Local AI
Aurora fully supports local AI workflows using both Nvidia and AMD GPUs. Acceleration packages for both vendors are included by default and do not require manual intervention to get working properly.
Use the robots to your advantage!
AI Tools
The following AI-focused command-line tools are available via homebrew, install individually or use this command to install them all: ujust bbrew and choose the ai menu option:
| Name | Description |
|---|---|
| aichat | All-in-one AI-Powered CLI Chat & Copilot |
| block-goose-cli | Block Protocol AI agent CLI |
| claude-code | Claude coding agent with desktop integration |
| codex | Code editor for OpenAI's coding agent that runs in your terminal |
| copilot-cli | GitHub Copilot CLI for terminal assistance |
| crush | AI coding agent for the terminal, from charm.sh |
| gemini-cli | Command-line interface for Google's Gemini API |
| kimi-cli | CLI for Moonshot AI's Kimi models |
| llm | Access large language models from the command line |
| lm-studio | Desktop app for running local LLMs |
| mistral-vibe | CLI for Mistral AI models |
| mods | AI on the command-line, from charm.sh |
| opencode | AI coding agent for the terminal |
| qwen-code | CLI for Qwen3-Coder models |
| ramalama | Manage and run AI models locally with containers |
| whisper-cpp | High-performance inference of OpenAI's Whisper model |
Ramalama
Install Ramalama via brew install ramalama: manage local models and is the preferred default experience.
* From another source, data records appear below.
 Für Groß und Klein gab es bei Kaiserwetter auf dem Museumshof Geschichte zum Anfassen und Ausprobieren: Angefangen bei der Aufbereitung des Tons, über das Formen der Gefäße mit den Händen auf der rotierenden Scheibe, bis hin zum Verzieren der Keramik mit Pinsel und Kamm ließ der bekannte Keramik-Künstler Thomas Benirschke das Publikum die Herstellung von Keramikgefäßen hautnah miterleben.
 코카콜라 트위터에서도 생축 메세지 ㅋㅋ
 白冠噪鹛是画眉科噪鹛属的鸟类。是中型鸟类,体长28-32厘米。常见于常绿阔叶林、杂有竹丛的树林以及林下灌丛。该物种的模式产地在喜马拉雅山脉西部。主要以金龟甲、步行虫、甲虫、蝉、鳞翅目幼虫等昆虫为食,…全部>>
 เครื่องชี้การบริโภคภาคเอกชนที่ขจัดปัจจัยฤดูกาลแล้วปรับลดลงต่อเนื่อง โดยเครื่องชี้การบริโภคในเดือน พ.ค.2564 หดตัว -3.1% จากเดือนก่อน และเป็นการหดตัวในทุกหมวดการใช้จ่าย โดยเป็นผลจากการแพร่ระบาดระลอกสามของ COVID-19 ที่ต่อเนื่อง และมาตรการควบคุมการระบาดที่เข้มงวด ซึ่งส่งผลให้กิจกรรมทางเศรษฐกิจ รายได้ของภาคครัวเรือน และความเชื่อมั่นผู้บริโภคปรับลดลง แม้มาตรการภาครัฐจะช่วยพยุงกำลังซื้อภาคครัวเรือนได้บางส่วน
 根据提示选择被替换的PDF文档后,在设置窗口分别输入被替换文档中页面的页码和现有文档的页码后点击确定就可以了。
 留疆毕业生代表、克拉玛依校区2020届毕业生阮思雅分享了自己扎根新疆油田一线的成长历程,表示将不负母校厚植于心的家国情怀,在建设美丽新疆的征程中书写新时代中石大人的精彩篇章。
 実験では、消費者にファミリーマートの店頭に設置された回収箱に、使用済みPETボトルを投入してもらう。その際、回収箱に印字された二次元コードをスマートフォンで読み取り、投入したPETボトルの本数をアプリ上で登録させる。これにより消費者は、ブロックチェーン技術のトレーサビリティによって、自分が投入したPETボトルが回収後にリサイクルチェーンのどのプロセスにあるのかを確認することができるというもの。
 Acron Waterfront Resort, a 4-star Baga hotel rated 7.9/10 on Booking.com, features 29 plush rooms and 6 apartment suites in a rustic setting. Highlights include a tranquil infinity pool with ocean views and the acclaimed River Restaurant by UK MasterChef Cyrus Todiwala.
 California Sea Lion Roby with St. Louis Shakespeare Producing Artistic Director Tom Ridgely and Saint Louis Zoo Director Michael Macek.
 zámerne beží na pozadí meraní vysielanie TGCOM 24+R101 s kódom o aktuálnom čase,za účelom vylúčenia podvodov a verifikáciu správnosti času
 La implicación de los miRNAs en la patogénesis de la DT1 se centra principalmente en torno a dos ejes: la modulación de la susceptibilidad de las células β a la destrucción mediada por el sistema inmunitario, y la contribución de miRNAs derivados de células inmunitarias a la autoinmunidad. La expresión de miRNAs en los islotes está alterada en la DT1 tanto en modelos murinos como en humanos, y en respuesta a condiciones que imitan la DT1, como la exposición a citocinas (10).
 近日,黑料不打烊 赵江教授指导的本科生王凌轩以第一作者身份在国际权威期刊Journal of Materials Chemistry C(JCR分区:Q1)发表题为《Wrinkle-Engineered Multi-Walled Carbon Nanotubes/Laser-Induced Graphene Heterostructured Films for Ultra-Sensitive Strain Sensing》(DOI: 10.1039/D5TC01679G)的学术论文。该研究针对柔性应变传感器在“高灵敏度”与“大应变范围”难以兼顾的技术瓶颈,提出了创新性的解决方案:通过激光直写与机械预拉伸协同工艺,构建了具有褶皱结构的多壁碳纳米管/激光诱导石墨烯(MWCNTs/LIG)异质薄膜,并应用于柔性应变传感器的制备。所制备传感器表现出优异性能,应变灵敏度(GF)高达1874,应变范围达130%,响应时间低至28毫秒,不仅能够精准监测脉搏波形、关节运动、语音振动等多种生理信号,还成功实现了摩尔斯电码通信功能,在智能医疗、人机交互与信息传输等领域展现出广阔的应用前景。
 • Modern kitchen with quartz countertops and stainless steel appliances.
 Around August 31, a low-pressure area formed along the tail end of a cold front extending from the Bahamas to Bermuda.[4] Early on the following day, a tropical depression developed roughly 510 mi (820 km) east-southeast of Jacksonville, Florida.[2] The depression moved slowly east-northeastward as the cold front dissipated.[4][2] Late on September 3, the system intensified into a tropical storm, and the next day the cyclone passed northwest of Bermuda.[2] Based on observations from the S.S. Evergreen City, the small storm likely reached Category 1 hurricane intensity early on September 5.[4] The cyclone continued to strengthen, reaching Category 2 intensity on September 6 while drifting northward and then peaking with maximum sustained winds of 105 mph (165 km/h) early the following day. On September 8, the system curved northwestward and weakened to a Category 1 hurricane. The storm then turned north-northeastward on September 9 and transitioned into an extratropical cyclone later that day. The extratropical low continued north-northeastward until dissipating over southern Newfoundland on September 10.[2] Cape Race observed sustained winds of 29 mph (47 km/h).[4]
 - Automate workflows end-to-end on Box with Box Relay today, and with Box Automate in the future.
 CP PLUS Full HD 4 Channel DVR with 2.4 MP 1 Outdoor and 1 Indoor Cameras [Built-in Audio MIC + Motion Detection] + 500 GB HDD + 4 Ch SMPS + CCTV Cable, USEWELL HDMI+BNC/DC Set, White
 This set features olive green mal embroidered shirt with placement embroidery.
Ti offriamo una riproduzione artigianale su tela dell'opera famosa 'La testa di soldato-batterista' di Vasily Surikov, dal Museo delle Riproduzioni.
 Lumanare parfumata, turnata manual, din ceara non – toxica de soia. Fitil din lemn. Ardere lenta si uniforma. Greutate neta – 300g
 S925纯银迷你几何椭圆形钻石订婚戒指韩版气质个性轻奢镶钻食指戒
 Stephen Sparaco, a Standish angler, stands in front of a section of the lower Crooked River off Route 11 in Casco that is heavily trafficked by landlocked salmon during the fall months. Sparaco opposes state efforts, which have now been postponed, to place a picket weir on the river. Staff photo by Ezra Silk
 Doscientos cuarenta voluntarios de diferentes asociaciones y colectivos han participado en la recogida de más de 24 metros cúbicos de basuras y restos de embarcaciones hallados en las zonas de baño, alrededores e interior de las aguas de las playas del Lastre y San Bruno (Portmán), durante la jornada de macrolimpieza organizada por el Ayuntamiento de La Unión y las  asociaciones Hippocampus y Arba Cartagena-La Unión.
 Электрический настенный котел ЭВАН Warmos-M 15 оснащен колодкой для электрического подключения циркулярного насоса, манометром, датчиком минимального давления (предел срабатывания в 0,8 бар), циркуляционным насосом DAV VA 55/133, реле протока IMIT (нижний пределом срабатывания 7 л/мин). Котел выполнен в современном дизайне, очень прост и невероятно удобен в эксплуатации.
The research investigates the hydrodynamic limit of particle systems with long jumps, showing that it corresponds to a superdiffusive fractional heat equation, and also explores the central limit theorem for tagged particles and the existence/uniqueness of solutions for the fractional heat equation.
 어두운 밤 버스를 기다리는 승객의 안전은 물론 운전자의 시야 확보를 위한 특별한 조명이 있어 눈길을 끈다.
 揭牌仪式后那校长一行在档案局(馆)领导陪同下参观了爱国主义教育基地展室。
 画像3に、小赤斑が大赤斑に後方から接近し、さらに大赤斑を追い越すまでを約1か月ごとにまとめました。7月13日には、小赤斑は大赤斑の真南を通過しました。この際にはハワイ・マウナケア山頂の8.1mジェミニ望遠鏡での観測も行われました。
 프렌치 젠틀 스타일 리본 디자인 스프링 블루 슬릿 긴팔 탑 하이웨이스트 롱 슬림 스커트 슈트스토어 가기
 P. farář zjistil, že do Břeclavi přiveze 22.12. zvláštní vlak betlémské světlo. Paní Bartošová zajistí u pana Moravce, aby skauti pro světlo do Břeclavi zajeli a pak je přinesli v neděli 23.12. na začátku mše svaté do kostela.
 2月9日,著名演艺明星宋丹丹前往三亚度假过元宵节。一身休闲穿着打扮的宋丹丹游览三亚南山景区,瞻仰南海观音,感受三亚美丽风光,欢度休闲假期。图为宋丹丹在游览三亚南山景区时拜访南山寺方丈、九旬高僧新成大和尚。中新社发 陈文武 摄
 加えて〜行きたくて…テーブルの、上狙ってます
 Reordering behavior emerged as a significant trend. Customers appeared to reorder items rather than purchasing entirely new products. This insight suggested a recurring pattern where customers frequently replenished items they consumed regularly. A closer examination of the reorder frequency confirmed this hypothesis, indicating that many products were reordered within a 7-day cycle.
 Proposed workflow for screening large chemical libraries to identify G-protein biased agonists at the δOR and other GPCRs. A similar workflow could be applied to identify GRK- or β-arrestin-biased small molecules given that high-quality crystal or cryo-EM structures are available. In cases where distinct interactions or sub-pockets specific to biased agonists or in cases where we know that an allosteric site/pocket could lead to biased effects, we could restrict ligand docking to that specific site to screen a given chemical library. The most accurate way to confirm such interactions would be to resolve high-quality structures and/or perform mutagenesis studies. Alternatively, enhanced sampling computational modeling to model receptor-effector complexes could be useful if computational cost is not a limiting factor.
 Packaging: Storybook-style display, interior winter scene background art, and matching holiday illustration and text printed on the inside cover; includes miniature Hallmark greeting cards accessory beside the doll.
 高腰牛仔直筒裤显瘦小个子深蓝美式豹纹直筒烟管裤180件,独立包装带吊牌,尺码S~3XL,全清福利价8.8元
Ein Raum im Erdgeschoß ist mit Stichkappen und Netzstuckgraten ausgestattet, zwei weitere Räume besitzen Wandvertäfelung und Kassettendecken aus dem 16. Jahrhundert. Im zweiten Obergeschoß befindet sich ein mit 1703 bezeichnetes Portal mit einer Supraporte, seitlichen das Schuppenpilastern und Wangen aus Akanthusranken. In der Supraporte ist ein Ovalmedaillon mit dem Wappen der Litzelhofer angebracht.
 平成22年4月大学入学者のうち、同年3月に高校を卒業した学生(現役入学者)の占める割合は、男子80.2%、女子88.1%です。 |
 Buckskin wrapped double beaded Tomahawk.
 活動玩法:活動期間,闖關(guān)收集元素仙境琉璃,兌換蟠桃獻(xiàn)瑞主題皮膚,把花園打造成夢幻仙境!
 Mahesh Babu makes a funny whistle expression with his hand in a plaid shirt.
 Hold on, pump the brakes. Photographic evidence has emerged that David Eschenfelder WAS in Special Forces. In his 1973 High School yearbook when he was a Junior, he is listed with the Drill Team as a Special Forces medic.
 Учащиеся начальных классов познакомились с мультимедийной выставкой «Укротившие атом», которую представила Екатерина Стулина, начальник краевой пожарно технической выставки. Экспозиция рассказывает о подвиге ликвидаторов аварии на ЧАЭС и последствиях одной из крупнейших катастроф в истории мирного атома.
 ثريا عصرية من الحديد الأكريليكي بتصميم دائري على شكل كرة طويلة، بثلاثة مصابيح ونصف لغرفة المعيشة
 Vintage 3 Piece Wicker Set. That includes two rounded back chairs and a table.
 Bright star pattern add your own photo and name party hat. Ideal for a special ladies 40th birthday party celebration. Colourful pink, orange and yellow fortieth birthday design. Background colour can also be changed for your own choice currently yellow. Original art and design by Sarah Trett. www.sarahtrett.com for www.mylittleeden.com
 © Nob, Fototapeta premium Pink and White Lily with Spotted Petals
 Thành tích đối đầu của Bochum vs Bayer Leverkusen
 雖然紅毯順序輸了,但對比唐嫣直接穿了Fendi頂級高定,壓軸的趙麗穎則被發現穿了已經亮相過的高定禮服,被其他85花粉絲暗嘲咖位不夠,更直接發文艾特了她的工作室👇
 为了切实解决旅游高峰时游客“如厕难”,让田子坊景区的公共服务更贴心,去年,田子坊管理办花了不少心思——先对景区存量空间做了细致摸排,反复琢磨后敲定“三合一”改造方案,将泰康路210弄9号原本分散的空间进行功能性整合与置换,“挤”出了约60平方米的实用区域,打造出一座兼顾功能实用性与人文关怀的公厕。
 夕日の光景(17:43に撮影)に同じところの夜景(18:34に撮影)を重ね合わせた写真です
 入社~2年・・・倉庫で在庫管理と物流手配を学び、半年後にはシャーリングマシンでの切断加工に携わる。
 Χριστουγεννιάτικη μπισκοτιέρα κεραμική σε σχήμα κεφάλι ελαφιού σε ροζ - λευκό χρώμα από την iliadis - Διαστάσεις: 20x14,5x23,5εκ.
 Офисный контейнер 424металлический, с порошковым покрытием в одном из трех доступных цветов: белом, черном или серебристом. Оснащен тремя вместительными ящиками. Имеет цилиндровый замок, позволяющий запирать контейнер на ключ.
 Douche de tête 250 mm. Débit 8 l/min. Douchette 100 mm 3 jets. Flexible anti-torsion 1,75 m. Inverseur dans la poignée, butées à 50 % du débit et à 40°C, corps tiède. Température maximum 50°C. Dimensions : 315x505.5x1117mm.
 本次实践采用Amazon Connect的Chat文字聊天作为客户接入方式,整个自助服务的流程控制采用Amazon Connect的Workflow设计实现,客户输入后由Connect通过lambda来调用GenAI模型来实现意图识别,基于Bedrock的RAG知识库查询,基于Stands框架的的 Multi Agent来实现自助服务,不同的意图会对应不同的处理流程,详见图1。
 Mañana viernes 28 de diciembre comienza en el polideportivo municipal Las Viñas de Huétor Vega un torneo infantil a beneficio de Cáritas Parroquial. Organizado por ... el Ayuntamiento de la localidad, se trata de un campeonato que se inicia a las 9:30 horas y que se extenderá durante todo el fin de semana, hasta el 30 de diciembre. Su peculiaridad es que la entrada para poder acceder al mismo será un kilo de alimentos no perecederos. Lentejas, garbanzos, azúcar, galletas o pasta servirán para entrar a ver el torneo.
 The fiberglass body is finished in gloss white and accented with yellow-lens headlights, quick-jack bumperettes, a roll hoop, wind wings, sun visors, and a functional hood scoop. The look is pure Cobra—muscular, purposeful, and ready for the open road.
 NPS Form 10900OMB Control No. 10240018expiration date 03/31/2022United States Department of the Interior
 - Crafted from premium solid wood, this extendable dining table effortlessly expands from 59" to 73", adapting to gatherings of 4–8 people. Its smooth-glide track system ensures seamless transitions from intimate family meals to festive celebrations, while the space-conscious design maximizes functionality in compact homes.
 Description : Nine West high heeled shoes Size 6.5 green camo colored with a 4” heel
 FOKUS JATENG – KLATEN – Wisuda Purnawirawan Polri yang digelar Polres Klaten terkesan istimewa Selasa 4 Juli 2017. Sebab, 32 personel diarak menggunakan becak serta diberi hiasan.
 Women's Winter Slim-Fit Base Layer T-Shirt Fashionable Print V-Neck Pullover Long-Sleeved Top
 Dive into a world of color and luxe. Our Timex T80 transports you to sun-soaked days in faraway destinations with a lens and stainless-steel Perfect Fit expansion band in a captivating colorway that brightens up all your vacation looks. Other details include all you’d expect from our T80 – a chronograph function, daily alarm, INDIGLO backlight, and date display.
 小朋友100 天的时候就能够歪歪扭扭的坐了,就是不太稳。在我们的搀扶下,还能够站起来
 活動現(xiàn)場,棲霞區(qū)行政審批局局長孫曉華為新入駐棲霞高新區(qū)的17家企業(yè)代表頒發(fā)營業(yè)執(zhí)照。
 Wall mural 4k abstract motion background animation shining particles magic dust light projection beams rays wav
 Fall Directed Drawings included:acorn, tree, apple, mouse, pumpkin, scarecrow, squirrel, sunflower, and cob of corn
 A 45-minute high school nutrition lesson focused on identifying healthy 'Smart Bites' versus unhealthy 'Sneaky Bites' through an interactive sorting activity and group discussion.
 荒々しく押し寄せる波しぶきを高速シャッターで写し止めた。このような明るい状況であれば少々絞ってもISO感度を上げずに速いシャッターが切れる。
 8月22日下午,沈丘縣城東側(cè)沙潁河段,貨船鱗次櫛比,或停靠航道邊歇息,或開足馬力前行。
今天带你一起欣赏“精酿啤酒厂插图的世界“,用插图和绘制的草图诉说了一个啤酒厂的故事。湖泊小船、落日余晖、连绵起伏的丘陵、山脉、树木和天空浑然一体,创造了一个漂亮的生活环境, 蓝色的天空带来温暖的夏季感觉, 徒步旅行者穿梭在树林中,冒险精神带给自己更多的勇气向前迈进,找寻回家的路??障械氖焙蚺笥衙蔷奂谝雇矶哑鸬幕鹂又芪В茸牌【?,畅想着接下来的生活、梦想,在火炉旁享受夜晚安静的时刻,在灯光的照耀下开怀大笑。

It's for people who work with local models frequently and need advanced features. It offers the ability to pull models from huggingface, ollama, and any container registry. By default it pulls from ollama.com, check the Ramalama documentation for more information.
Ramalama's command line experience is similar to Podman. Bluefin sets rl as an alias for ramalama, for brevity. Examples include:
rl pull llama3.2:latest
rl run llama3.2
rl run deepseek-r1
You can also serve the models locally:
rl serve deepseek-r1
Then go to http://127.0.0.0:8080 in your browser.
Ramalama will automatically pull in anything your host needs to do the workload. The images are also stored in the same container storage as your other containers. This allows for centralized management of the models and other podman images:
❯ podman images
REPOSITORY TAG IMAGE ID CREATED SIZE
quay.io/ramalama/rocm latest 8875feffdb87 5 days ago 6.92 GB
Integrating with Existing Tools
ramalama serve will serve an OpenAI compatible endpoint at http://0.0.0.0:8080, you can use this to configure tools that do not support ramalama directly:
)
Alpaca
To get a more graphical experience managing and interacting with your models, you can use the graphical client Alpaca It is running an embedded Ollama engine and features a beautiful graphical interface to answer your most burning questions.
To have proper AMD GPU Acceleration support, install the com.jeffser.Alpaca.Plugins.AMD plugin via the CLI
(flatpak install com.jeffser.Alpaca.Plugins.AMD) or from Discover by searching for it. This addon requires a compatible ROCM AMD GPU, like a 7900 XTX or Radeon 6900 XT.